> [WORK REQUEST]:
Unless a line falls after the one with "De Karlijn Jurk", retype it exactly from the records below; leave out all pictures.

> [DATA LISTING]:
★ ★ ★ ★
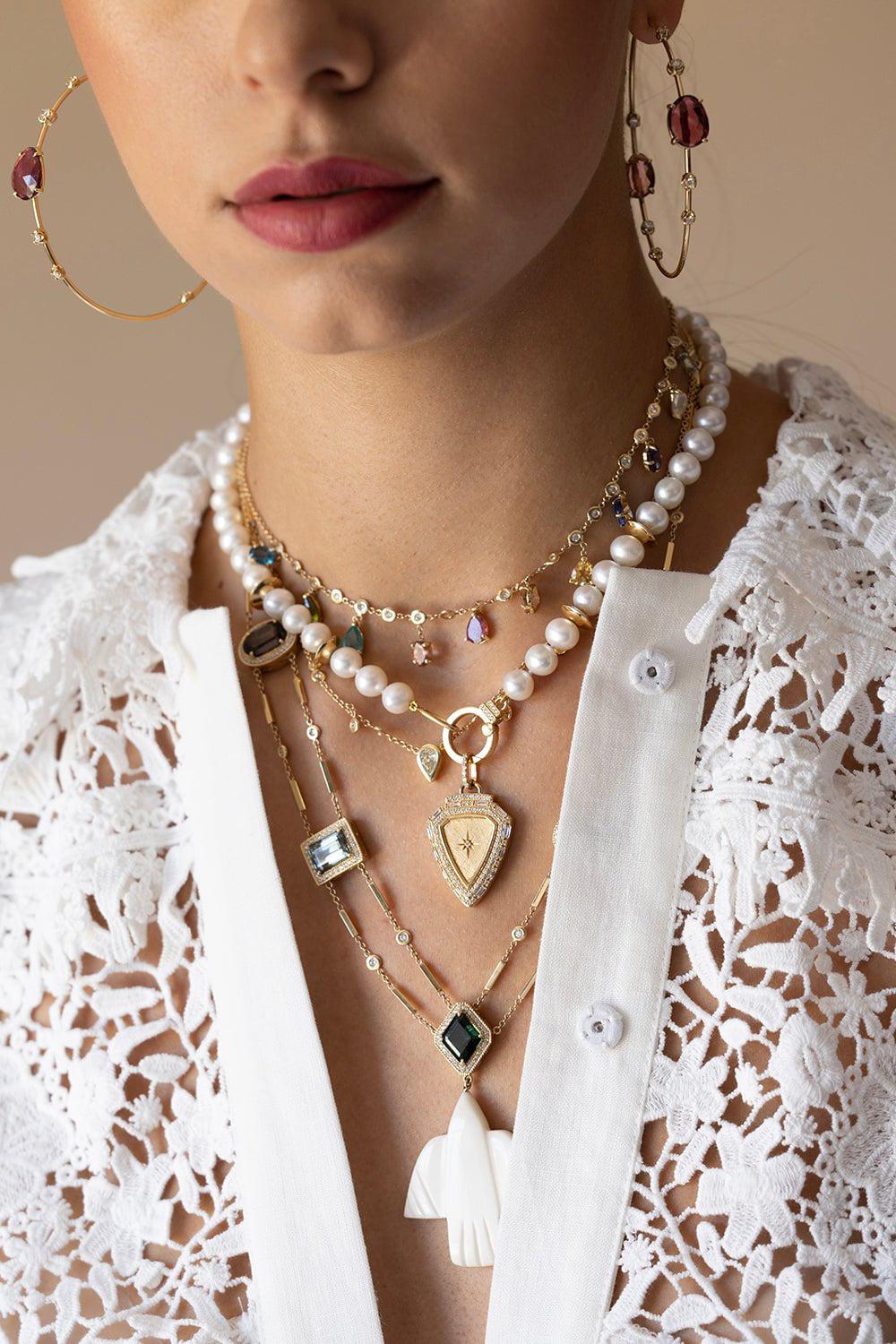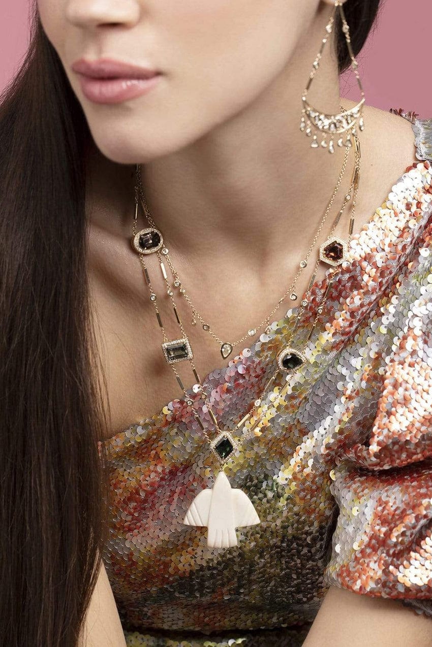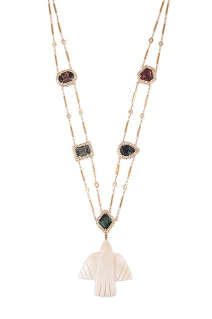 Jacquie Aiche pave diamond and tourmaline necklace with carved thunderbird pendant.
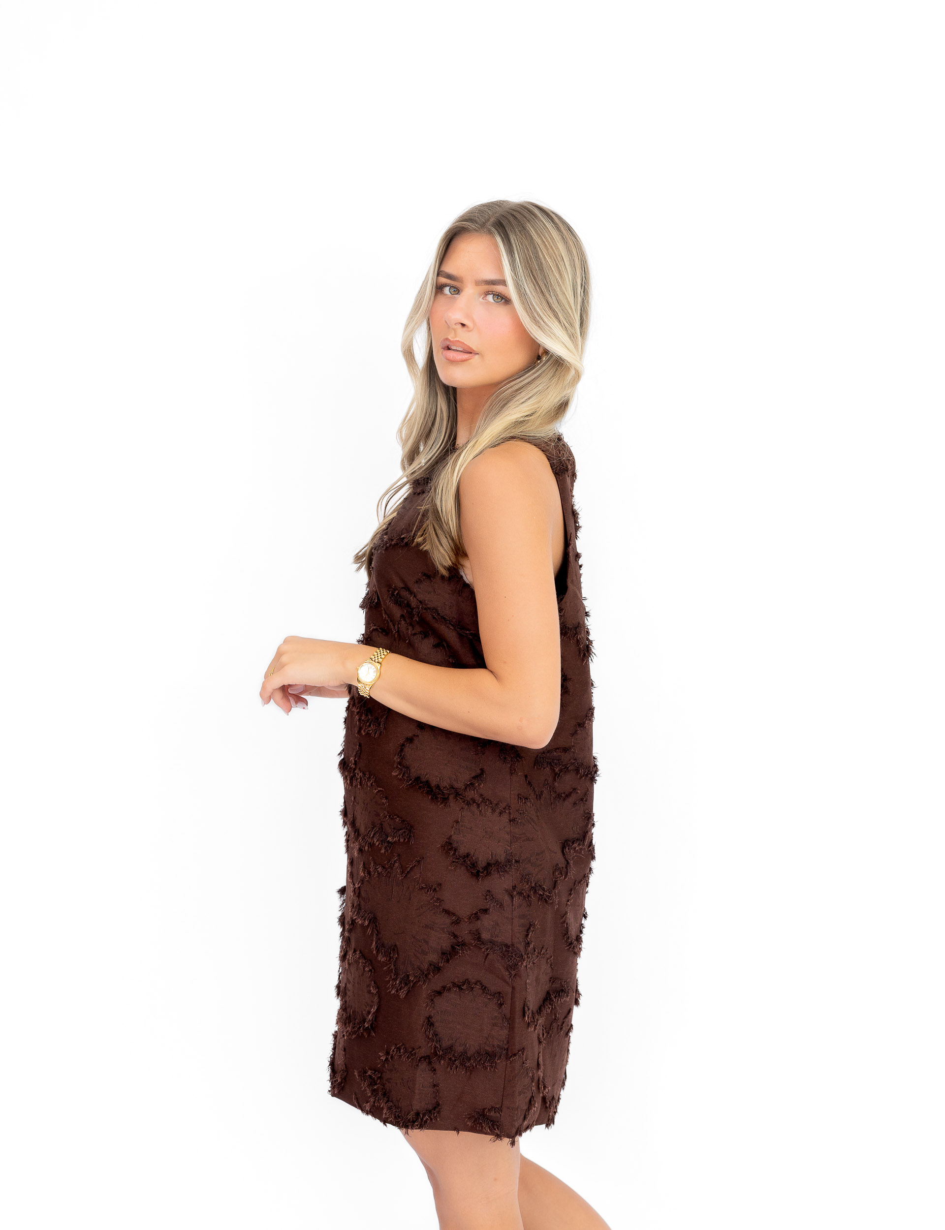 De Karlijn Jurk in bruin is de perfecte balans tussen comfortabel en stijlvol! Deze mouwloze jurk heeft een relaxed, losvallend model en een unieke print die je look meteen een upgrade geeft. De jurk sluit met een rits en een knoop, wat zorgt voor een flattering pasvorm die je taille subtiel accentueert. Verkrijgbaar in twee prachtige kleuren, deze jurk is ideaal voor een zomerse dag, een brunch met vriendinnen, of een avond uit. Combineer met een paar sandalen of sneakers voor de ultieme laid-back, maar chique look.
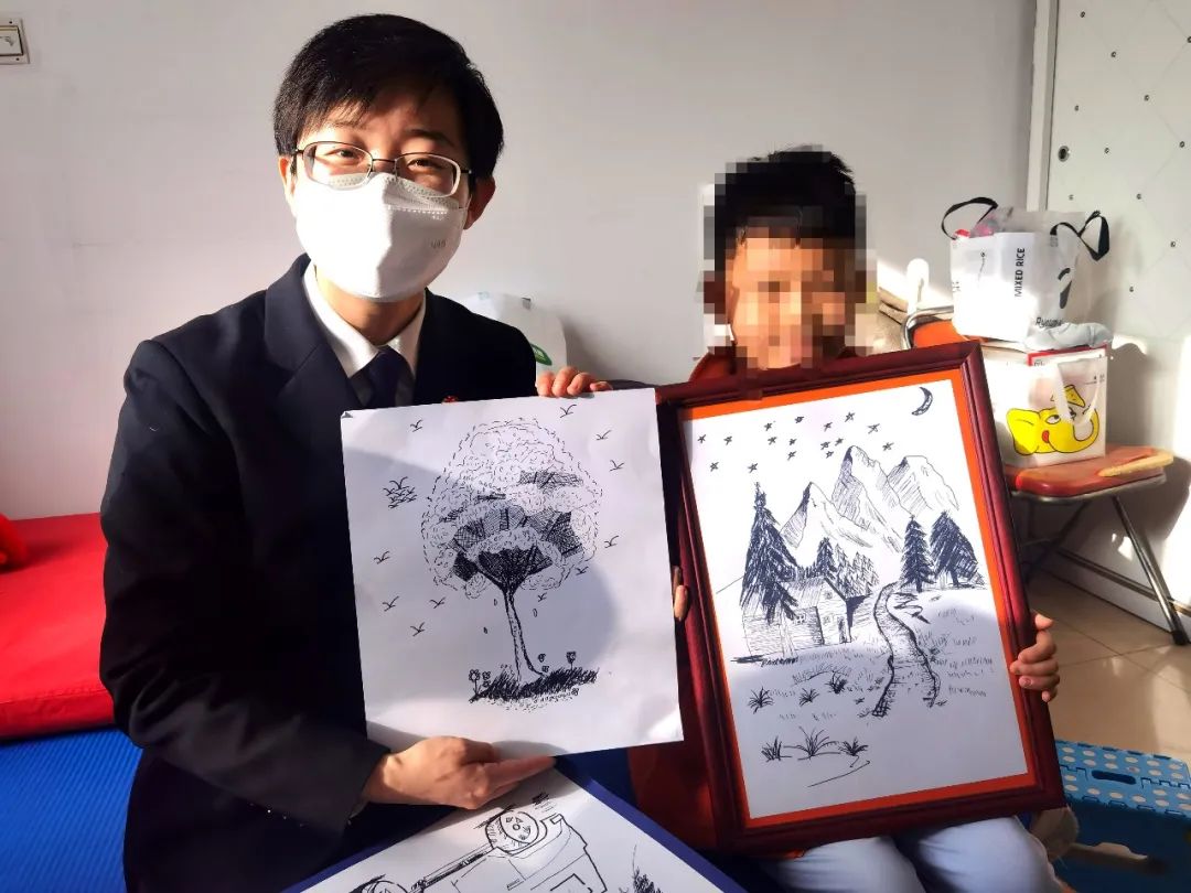 此前,在社会观护报告中,刘曼宜了解到小磊喜欢画画、拼乐高。这次回访,她也特地给孩子带了一套彩笔和乐高模型。令刘曼宜倍感欣慰的是,如今的小磊已然成为了一个活泼开朗的孩子。他不仅热情地招呼客人进屋入座,兴高采烈地说起自己担任了学校的广播员,还现场展示了自己的绘画作品。临别之际,他更是回赠给刘曼宜一幅自己的新画作,祝福她春节快乐。
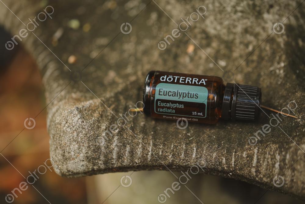 A high resolution image of Eucalyptus - The Oil of Wellness - 15ml full sized bottle on ceramic statue.
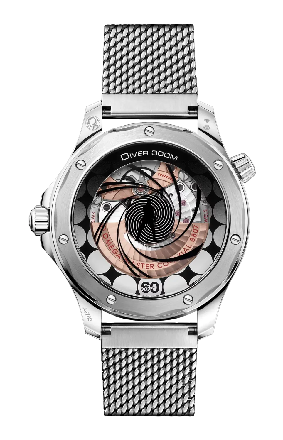 Бренд: Omega Выпущенная в 2022 году в ознаменование 60-летия Джеймса Бонда модель Seamaster Diver 300m диаметром 42 мм в цвете Canopus Gold оснащена циферблатом из натурального серого кремния, отдающим дань уважения пляжам карибского уединения агента 007. Циферблат обрамляет вращающийся в одном направлении безель с паве из бриллиантов. украшены зелеными и желтыми бриллиантами, а также двумя бриллиантами в положении «12 часов». Начало фильма, изображающее силуэт Джеймса Бонда и вращающийся ствол пистолета, изображено на задней крышке из сапфирового стекла с использованием техники микроструктурированной металлизации. Анимация с эффектом «муара» напоминает вращение секундной стрелки «леденца». Часы надежно крепятся на запястье благодаря браслету из миланской сетки с пряжкой из 18-каратного золота Canopus. Бьющееся сердце часов — калибр Omega с осевым мастером. хронометр 8807, усовершенствованная версия калибра 8806, который используется в традиционных моделях Seamaster Diver 300m. Часы представлены в деревянной коробке. дерево манго с инкрустацией из перламутра, логотипом «60 лет связи» и тремя точками — эволюцией формы видоискателя, напоминающей знаменитый вступительный эпизод фильмов об агенте 007. Использование манго. wood — напоминание об эксцентричном фильме «Под манговым деревом», саундтреке к легким эпизодам фильмов, посвященных британскому секретному агенту.
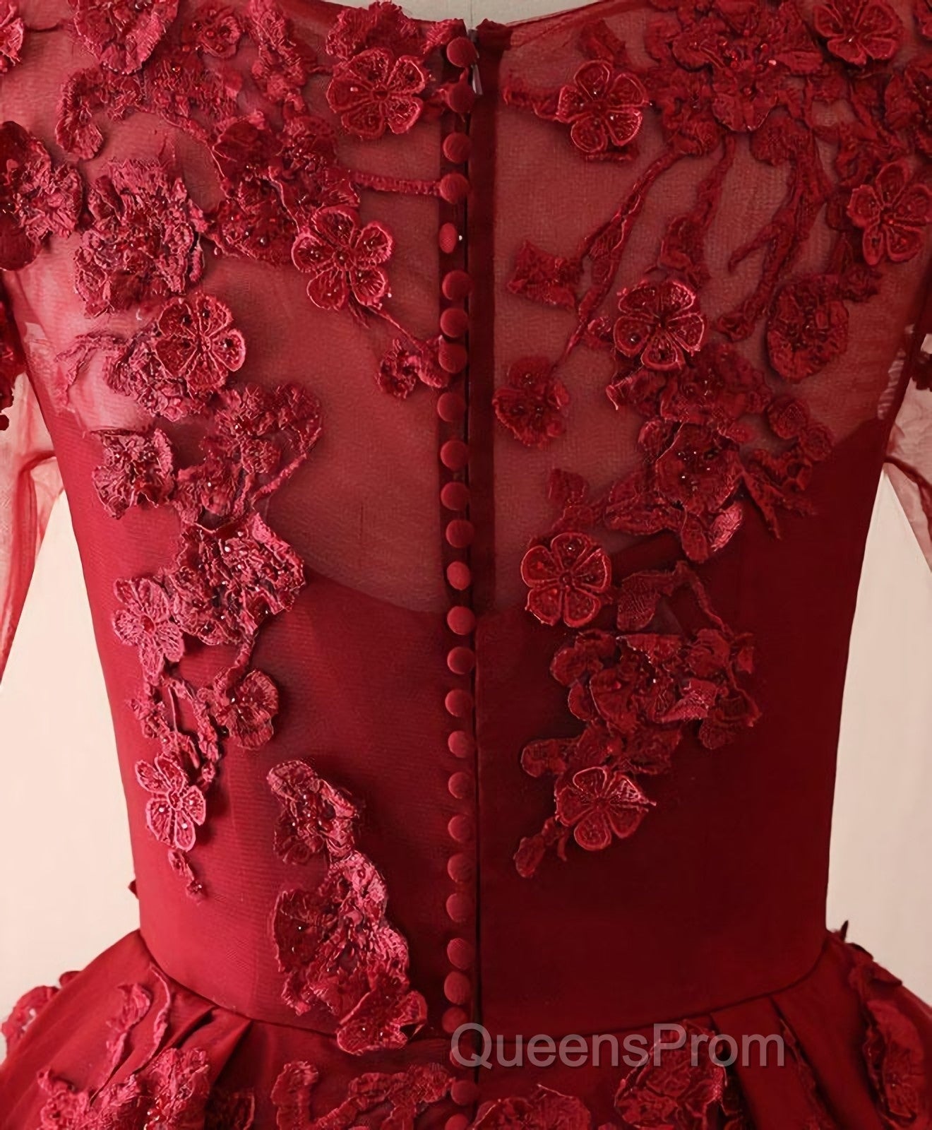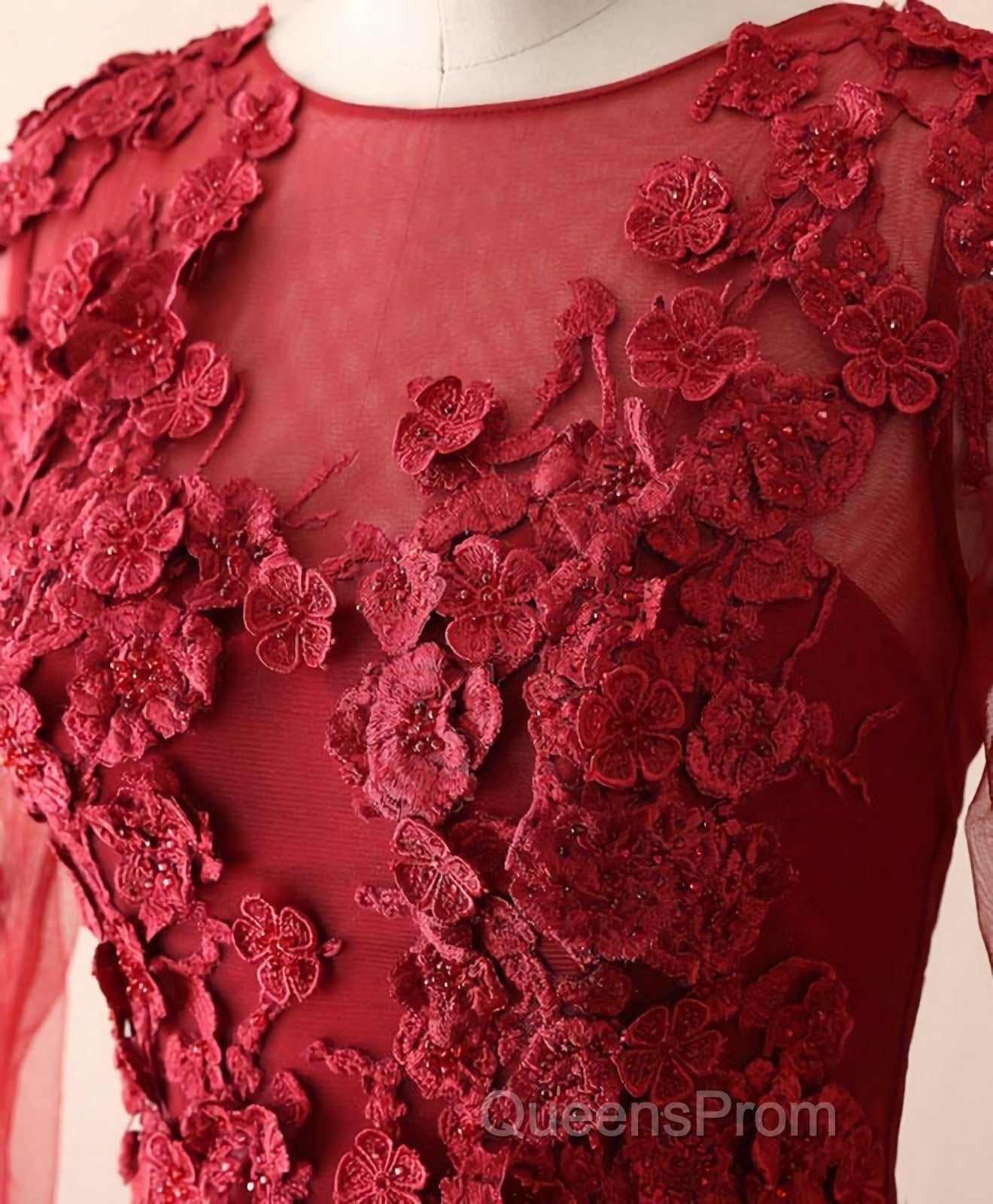 Burgundy Lace Satin Long Evening Prom Dress, Burgundy Lace Evening Dress
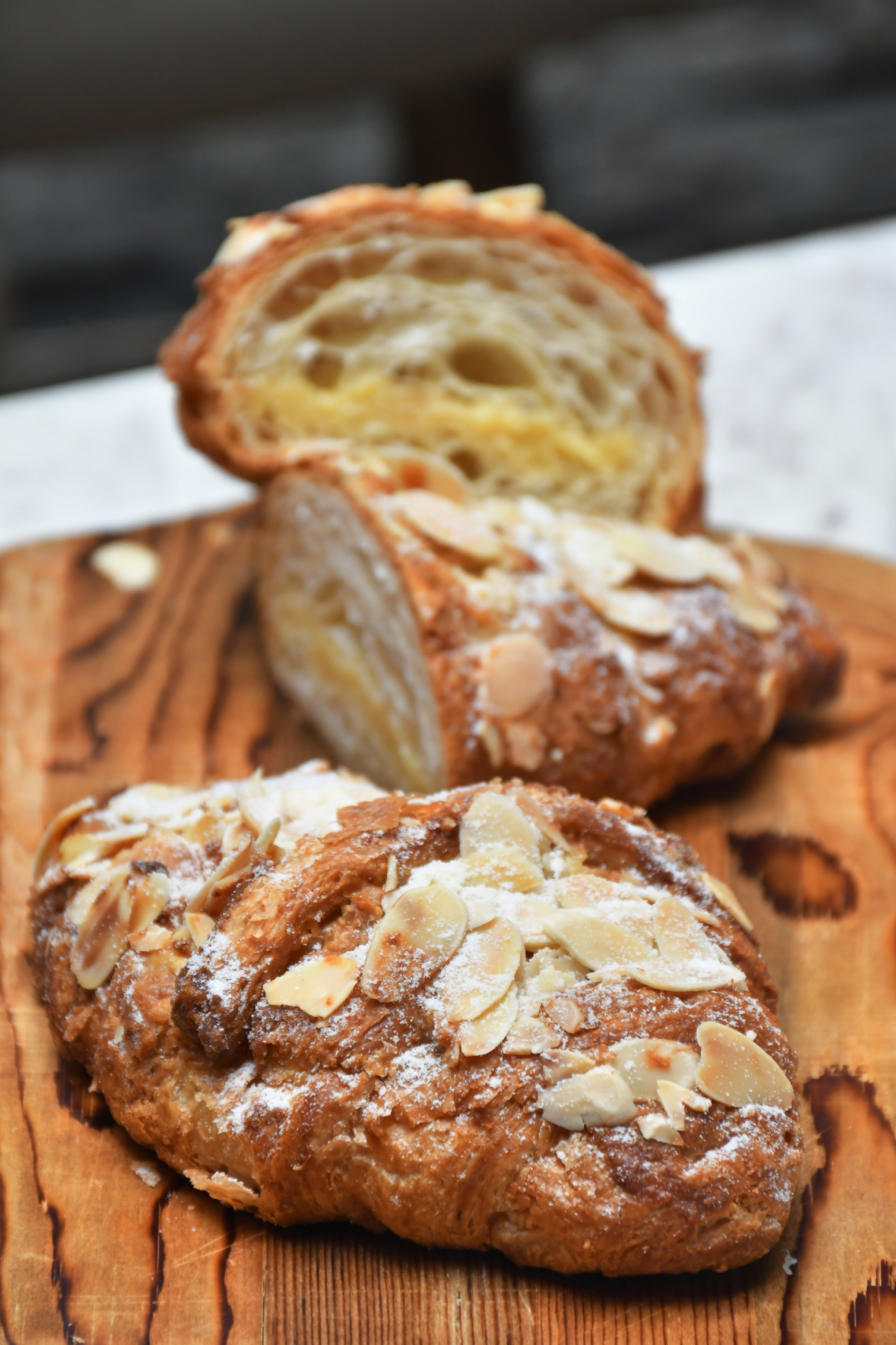 杏仁牛角酥(Double Almond Croissant)與奶油酥不同,外脆內軟,橫切兩半時呈現蜂窩形狀。
★ ★ ★ ★
> [RESULT OF THIS TASK]:
 Jacquie Aiche pave diamond and tourmaline necklace with carved thunderbird pendant.
 De Karlijn Jurk in bruin is de perfecte balans tussen comfortabel en stijlvol! Deze mouwloze jurk heeft een relaxed, losvallend model en een unieke print die je look meteen een upgrade geeft. De jurk sluit met een rits en een knoop, wat zorgt voor een flattering pasvorm die je taille subtiel accentueert. Verkrijgbaar in twee prachtige kleuren, deze jurk is ideaal voor een zomerse dag, een brunch met vriendinnen, of een avond uit. Combineer met een paar sandalen of sneakers voor de ultieme laid-back, maar chique look.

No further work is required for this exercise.